Two Categories of Unstructured Data
Unstructured data consists of two basic categories:
- Bitmap Objects: Inherently non-language based, such as image, video or audio files.
- Textual Objects: Based on a written or printed language, such as Microsoft Word documents, e-mails or Microsoft Excel spreadsheets.
Both of these object types may be classified as data, but the technology and methodology for harnessing relevant information from bitmap objects is still in its infancy. Most of today's technology addresses textual objects. Enterprise content management (ECM) technologies, for example, can help contain unstructured data. Textual data mining and analysis vendors provide analysis tools for unstructured textual objects, and business intelligence vendors supply solutions for querying and analyzing structured data. However, bringing them together - querying both the unstructured and structured worlds - and then associating these two worlds at relevant points is where the most value is gained and also where the highest level of challenge is presented.
Comparing these categories with structured data raises three distinct challenges:
- Even if unstructured data is in a format such as a Microsoft Word template, the data is still not consumable from a semantic level without a compatible interface or application.
- Even with a compatible technology, we cannot necessarily gain insight into the context of the information unless we can actually read it.

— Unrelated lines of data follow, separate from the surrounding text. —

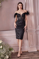 GLITTER PRINT COCKTAIL DRESS WITH FEATHER DETAILS CDJ829
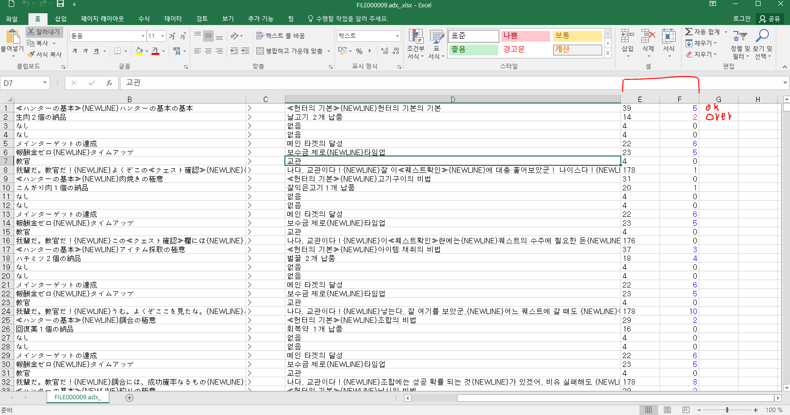 Q.{NEWLINE}이 너무 불편해요 D열을 선택후 '찾기 및 바꾸기'로 {NEWLINE}을 (Ctrl-J)로 바꾸기해서 줄바꿈으로 바꾸고 나중에 (Ctrl-J)를 {NEWLINE}으로 바꾸기해서 되돌리면 되지 않나요? 그후 셀서식에서 텍스트 줄바꿈을 선택하면 줄 바꿈도 깔끔하게 표시되구요
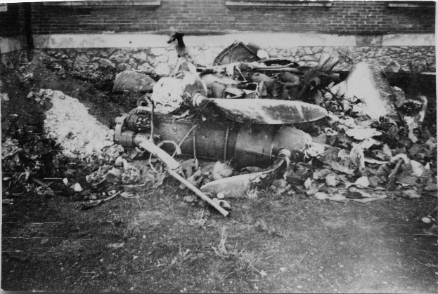 Restes d'un moteur et d'une hélice d'avion en France, pendant la Seconde Guerre mondiale.
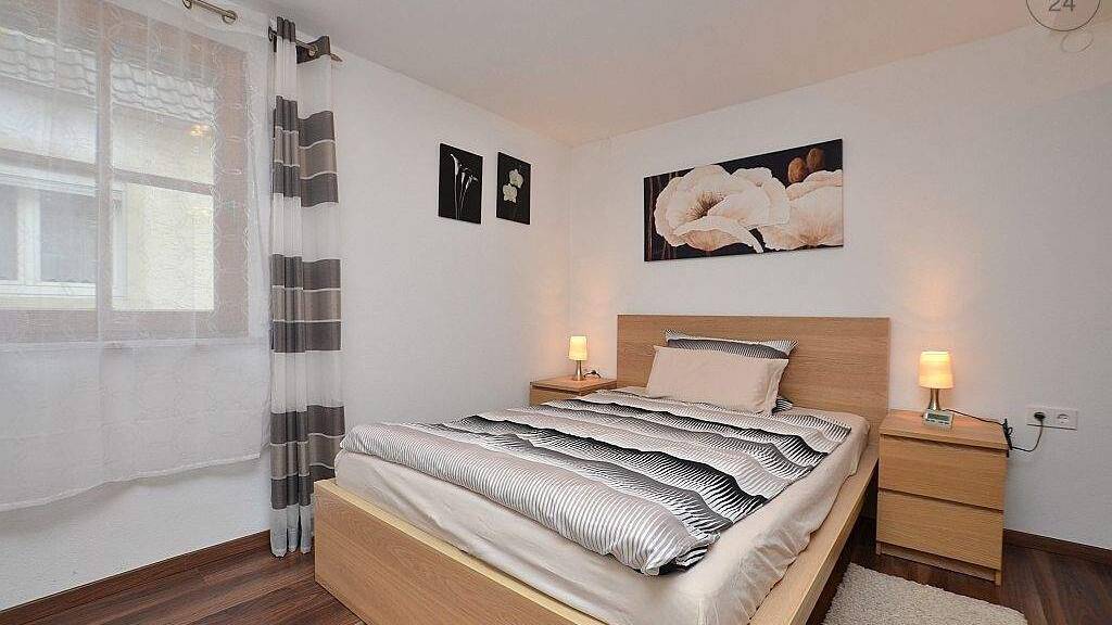 Die ca. 60m² große Wohnung, welche mit Parkettboden ausgelegt ist, befindet sich im 1.Obergeschoss eines Einfamilienhauses. Die Möblierung im Wohnzimmer besteht aus einer großen Couch mit Couchtisch, Sessel und einer Wohnwand mit TV eingerichtet. Die moderne Einbauküche ist mit einem Herd mit Backofen, Mikrowelle, Kaffeemaschine, Wasserkocher und sämtlichen Küchenutensilien ausgestattet. Außerdem befindet sich hier ein Esstisch für vier Personen. Das gemütliche Schlafzimmer ist mit einem 1,40m breiten Bett mit Nachttischen, geräumigen Kleiderschrank, Kommode und einem Schreibtisch eingerichtet. Von hier gelangt man in das hell geflieste Tageslichtbad, welches mit einer Eckbadewanne mit Duschvorrichtung und einem WC ausgestattet ist. Für den Mieter ist eine eigene Waschmaschine verfügbar. Zudem bietet ein Kellerabteil zusätzlichen Stauraum. In der angegebenen Miete ist eine Betriebskostenpauschale von 180€ enthalten. Wlan ist bereits im Mietpreis inkludiert. Bei einer Anmietung von 2. Person erhöht sich der Mietpreis um 80€/Monat. Bei Auszug wird eine Endreinigung je nach Aufwand mit der Kaution verrechnet. Vor dem Haus sind ausreichend Parkplätze vorhanden. Eine Bushaltestelle, sowie Geschäfte des täglichen Bedarfs befinden sich in fußläufiger Nähe. Mit dem Auto ist Schweinfurt in wenigen Minuten und Würzburg in ca. 30 Minuten erreichbar.
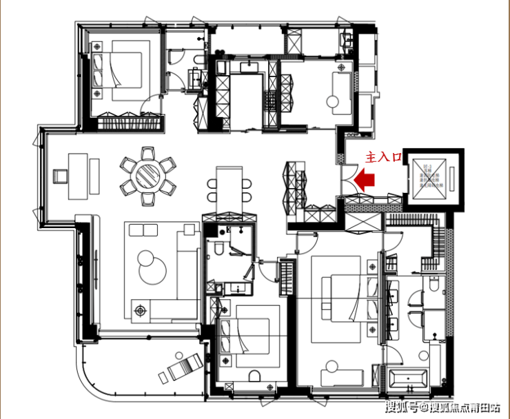 【4】奢华户型设计:85㎡社交化客餐厅、归家礼仪轴线、专梯入户、8.3米超面宽阳台、7米面宽旭格提升推拉门、全套间设计
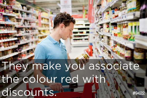 賣場裡許多特價品都會以紅色標籤區隔,以便讓消費者得知目前此項商品正以比一般更低的價格出售。一旦此觀念在消費者心中根生蒂固,就算是一般沒有特價的商品使用紅色標籤,消費者也會以為有特價進而選購。
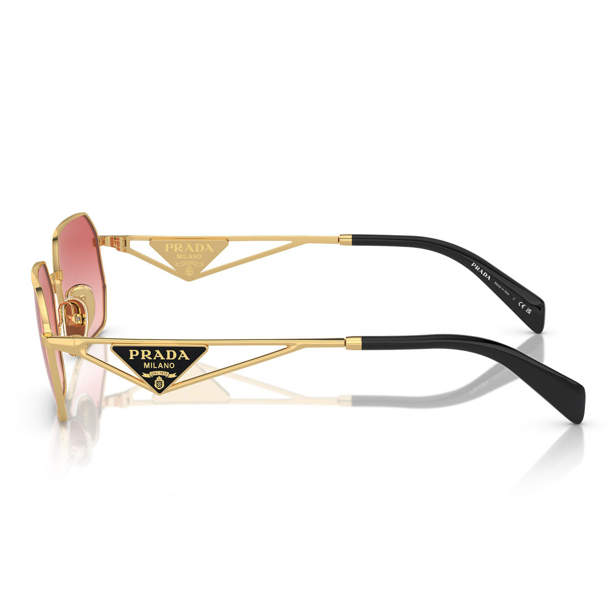 Hier sind die Prada Sonnenbrille PRA51S 5AK40C, ein Modell, das Originalität und zeitlosen Stil vereint. Mit einer unregelmäßigen Front und einem geometrischen Bügeldesign zeichnen sich diese Brillen durch ihre kühne Eleganz aus. Die dreieckige Plakette an den Bügeln trägt das ikonische Prada-Logo, inspiriert von den Taschen der Marke, sofort erkennbar und von zeitlosem Charme. Das goldfarbene Gestell passt perfekt zu den rot verlaufenden Gläsern und schafft einen einzigartigen und raffinierten Kontrast. Perfekt für jeden Anlass sind diese Sonnenbrillen das ideale Accessoire für alle, die ihrem Look einen Hauch von Raffinesse und Persönlichkeit verleihen möchten.
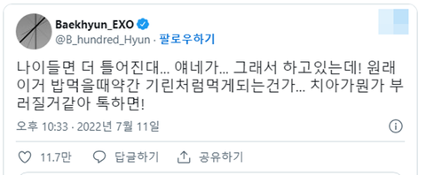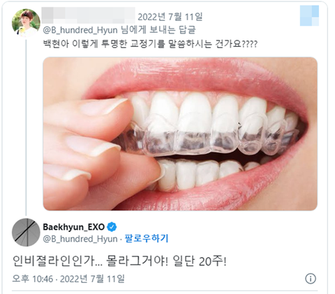 현재 치아 교정하고 있다는 백현이
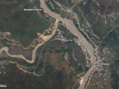 卫星照片展示印度6月中旬特大洪灾过后的景象 卫星照片展示印度6月中旬特大洪灾...
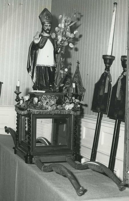 statue de confrérie : Saint Guérin et deux bâtons de procession (bâtons de céroféraires)
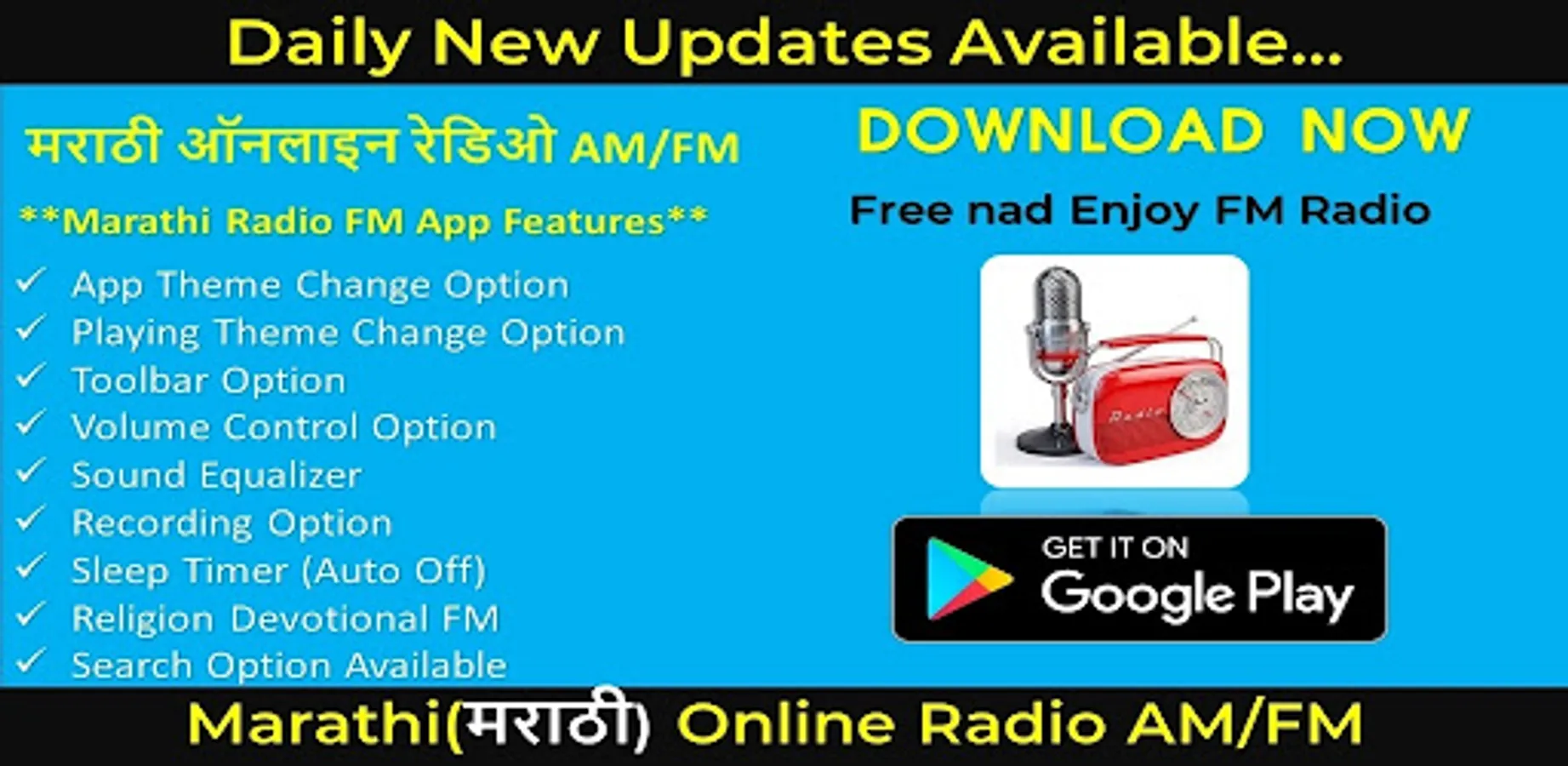 Radio Marathi Brings You The Best Online Radio Stations. This Is The Radio Application Where Everyone Can Listen Music And Audio, News, Talk, Comedy, Etc.

- And lastly, the way we interpret what we read is largely subjective.
"A Picture is Worth..."
One of the challenges when dealing with unstructured data is the written word and the fact that it often does not communicate the exact meaning intended. There is a stark division between the written word and the spoken word. The phonetically written word sacrifices worlds of meaning and perception that were once secured in hieroglyphics and still are in the Chinese ideogram. Alphabets such as this provide gestalt - an understanding of the whole within the picture. The Western alphabet lacks the ability to distinguish context and concept from the symbols.

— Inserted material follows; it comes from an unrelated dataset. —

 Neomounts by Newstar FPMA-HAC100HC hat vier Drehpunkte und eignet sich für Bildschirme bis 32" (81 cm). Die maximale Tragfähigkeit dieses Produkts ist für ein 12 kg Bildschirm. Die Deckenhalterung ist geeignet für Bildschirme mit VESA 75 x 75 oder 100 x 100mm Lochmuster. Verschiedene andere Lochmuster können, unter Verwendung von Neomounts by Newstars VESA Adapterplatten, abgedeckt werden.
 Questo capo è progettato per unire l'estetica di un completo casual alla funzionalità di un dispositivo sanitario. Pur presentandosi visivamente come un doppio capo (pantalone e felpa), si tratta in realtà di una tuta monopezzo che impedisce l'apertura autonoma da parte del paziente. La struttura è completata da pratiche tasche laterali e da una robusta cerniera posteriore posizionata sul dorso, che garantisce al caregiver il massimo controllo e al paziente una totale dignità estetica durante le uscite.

A recent Wall Street Journal article provides a good example of why it is not necessarily appropriate to assign a qualitative value to unstructured data. The Wall Street Journal performed an analysis of a collection of high schools, both public and private, and calculated the percentage of graduating seniors who were accepted to Ivy League schools. At the top of the list was a private school in Brooklyn, New York, called Saint Ann's. Saint Ann's came in first with a whopping 41 percent of graduates gaining admission to 10 of the nation's most exclusive schools, such as Yale, Harvard, Brown, Duke and Cornell. Saint Ann's even beat the Hopkins School in New Haven, Connecticut, where 51 percent of the students in the senior class this year were National Merit Scholars.1
The interesting point about Saint Ann's and its success rate comes from the way teachers assign grades to their students. They don't. While at the school, students get written reports about their achievements and areas that need improvement, but there is never a quantitative number or letter assigned to their work. Upon graduation, students receive personal essays about their work from the school's headmaster. Therefore, Saint Ann's college applicants cannot be placed in a "GPA bucket" with other applicants. Each application from Saint Ann's must be read to acquire a full picture of the student. Students from other high schools may well be disqualified at the gate because of a poor GPA - a number assigned to a student meant to represent the quality of knowledge or learning the student has achieved. Perhaps there is some unstructured information that is not meant to have a number value assigned to it as a predicate of value.